-- Work required --
Below are records with pictures; copy word for word only the lines between the line with "Gefallener 2. Weltkrieg;" and the line with "Универсальный набор инструмента, 150", inclusive, and drop the pictures.
── Data provided
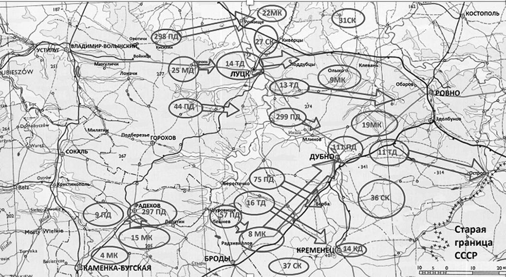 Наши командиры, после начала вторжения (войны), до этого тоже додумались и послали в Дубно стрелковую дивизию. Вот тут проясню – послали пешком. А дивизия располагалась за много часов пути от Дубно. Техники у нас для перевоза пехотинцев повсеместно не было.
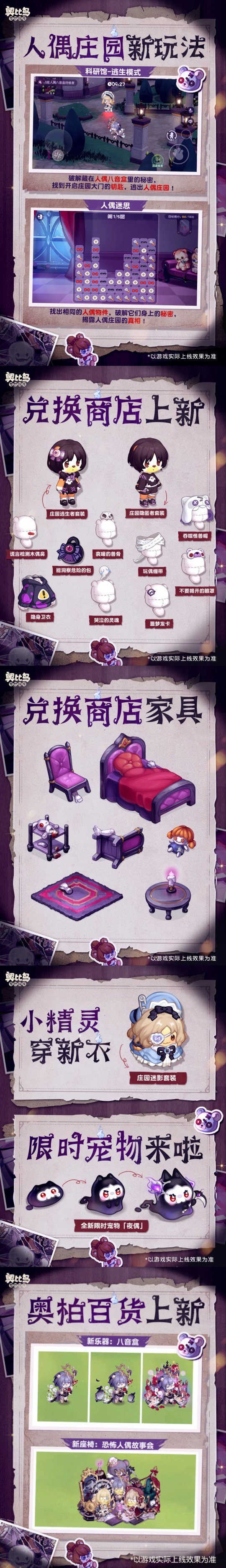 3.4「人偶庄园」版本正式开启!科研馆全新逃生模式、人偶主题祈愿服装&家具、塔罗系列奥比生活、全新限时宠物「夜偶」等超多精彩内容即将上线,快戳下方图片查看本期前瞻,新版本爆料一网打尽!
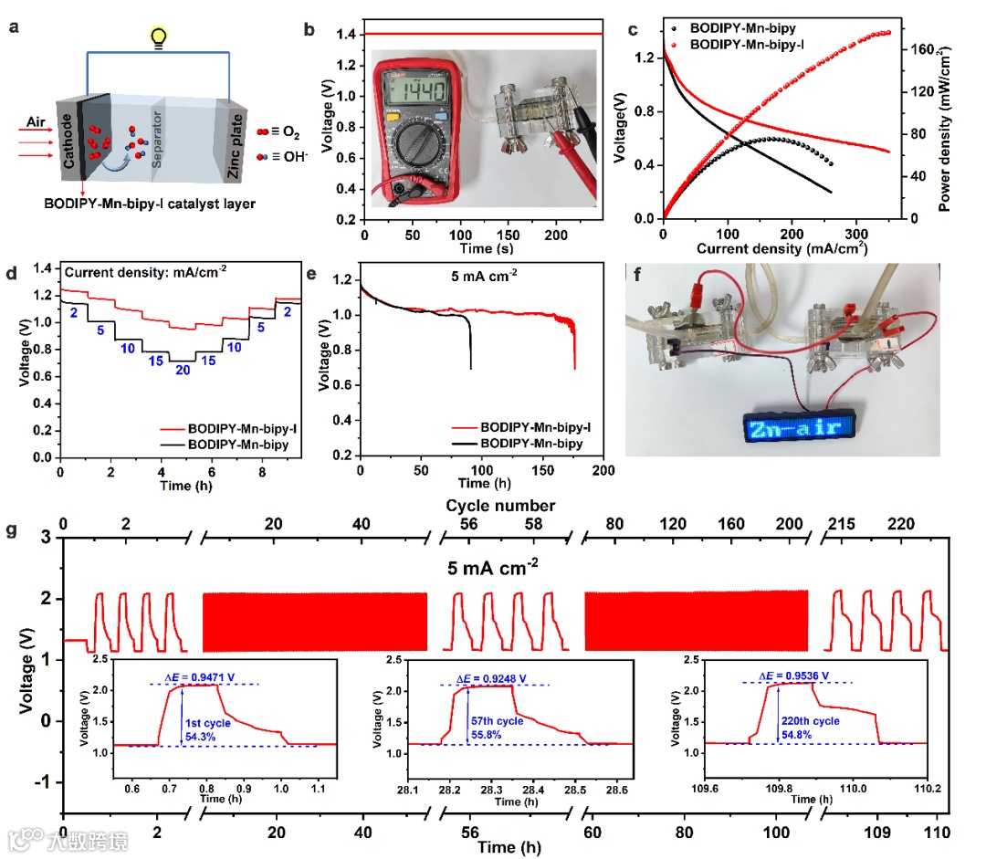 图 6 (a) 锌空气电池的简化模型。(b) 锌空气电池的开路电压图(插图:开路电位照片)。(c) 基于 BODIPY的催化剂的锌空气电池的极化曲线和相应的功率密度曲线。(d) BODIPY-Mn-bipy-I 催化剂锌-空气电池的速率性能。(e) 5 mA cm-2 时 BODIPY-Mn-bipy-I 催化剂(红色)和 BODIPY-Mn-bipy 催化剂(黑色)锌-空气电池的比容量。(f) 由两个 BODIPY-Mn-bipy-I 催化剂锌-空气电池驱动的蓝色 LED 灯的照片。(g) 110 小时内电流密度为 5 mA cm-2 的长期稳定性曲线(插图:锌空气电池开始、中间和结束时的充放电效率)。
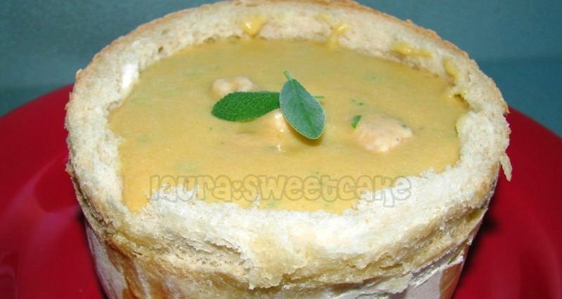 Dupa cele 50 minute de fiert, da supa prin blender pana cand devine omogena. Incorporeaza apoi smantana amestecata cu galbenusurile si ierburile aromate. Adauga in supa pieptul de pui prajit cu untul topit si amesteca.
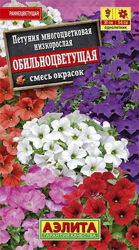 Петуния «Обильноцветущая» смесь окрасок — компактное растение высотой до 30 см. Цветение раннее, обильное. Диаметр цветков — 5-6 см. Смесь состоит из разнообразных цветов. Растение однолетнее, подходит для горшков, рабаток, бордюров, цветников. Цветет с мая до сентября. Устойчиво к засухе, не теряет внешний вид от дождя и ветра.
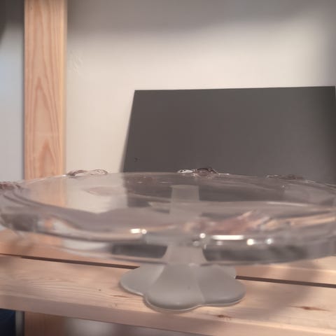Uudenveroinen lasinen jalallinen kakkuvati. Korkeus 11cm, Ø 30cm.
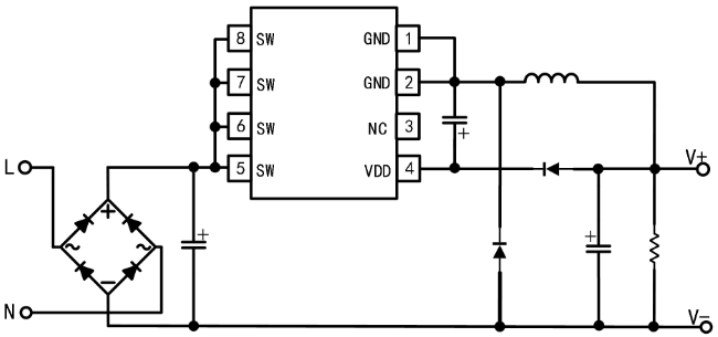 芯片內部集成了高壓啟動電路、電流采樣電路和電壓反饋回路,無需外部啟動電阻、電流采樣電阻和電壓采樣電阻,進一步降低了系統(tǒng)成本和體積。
────
── Data provided
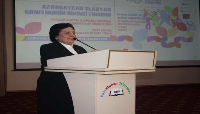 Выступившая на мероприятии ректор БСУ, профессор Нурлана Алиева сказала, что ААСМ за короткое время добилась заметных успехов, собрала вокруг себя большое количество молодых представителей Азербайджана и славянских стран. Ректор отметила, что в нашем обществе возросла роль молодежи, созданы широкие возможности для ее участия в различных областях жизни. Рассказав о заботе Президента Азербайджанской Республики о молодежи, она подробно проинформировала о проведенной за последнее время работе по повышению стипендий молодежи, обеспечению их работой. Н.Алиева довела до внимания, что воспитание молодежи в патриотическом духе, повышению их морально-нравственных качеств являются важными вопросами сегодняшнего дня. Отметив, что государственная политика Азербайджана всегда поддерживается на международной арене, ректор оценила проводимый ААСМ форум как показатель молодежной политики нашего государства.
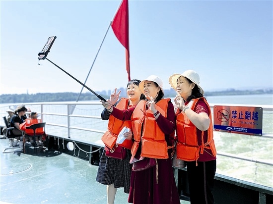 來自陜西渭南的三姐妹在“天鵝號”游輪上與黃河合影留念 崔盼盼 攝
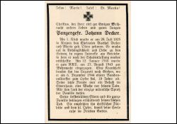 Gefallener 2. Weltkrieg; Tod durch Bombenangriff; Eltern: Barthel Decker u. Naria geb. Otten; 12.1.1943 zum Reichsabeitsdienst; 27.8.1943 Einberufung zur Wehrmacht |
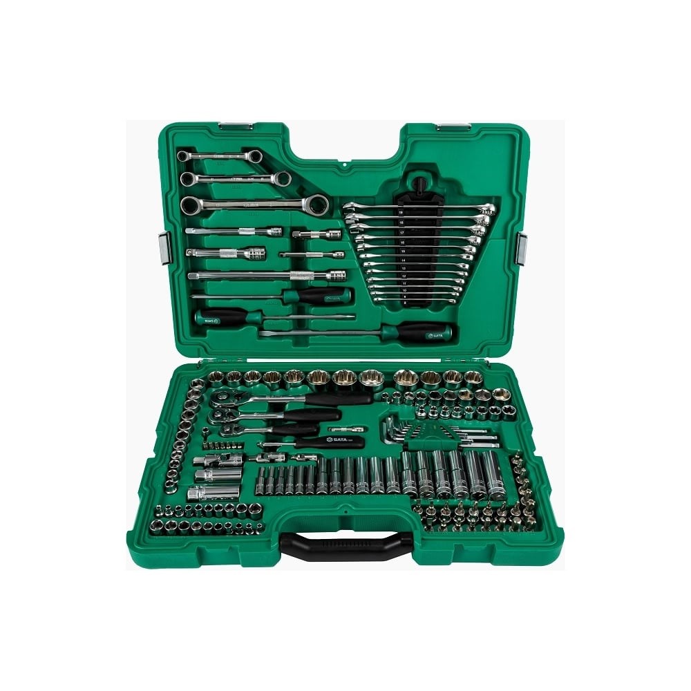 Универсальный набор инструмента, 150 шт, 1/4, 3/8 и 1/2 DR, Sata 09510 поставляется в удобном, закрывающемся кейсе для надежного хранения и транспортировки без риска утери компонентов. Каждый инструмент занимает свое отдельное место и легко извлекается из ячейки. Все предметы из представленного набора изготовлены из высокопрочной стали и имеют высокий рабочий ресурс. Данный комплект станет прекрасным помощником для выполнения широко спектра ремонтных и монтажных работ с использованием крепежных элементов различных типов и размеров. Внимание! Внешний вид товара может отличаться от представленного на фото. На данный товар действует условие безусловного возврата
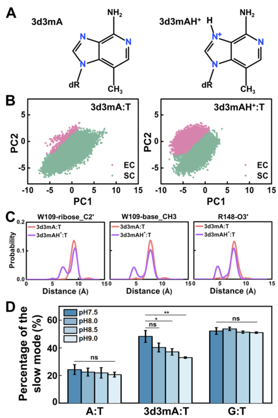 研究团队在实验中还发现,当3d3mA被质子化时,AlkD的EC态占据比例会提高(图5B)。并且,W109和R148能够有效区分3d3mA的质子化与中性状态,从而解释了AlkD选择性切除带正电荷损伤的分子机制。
────
-- Output of the exercise --
 Gefallener 2. Weltkrieg; Tod durch Bombenangriff; Eltern: Barthel Decker u. Naria geb. Otten; 12.1.1943 zum Reichsabeitsdienst; 27.8.1943 Einberufung zur Wehrmacht |
 Универсальный набор инструмента, 150 шт, 1/4, 3/8 и 1/2 DR, Sata 09510 поставляется в удобном, закрывающемся кейсе для надежного хранения и транспортировки без риска утери компонентов. Каждый инструмент занимает свое отдельное место и легко извлекается из ячейки. Все предметы из представленного набора изготовлены из высокопрочной стали и имеют высокий рабочий ресурс. Данный комплект станет прекрасным помощником для выполнения широко спектра ремонтных и монтажных работ с использованием крепежных элементов различных типов и размеров. Внимание! Внешний вид товара может отличаться от представленного на фото. На данный товар действует условие безусловного возврата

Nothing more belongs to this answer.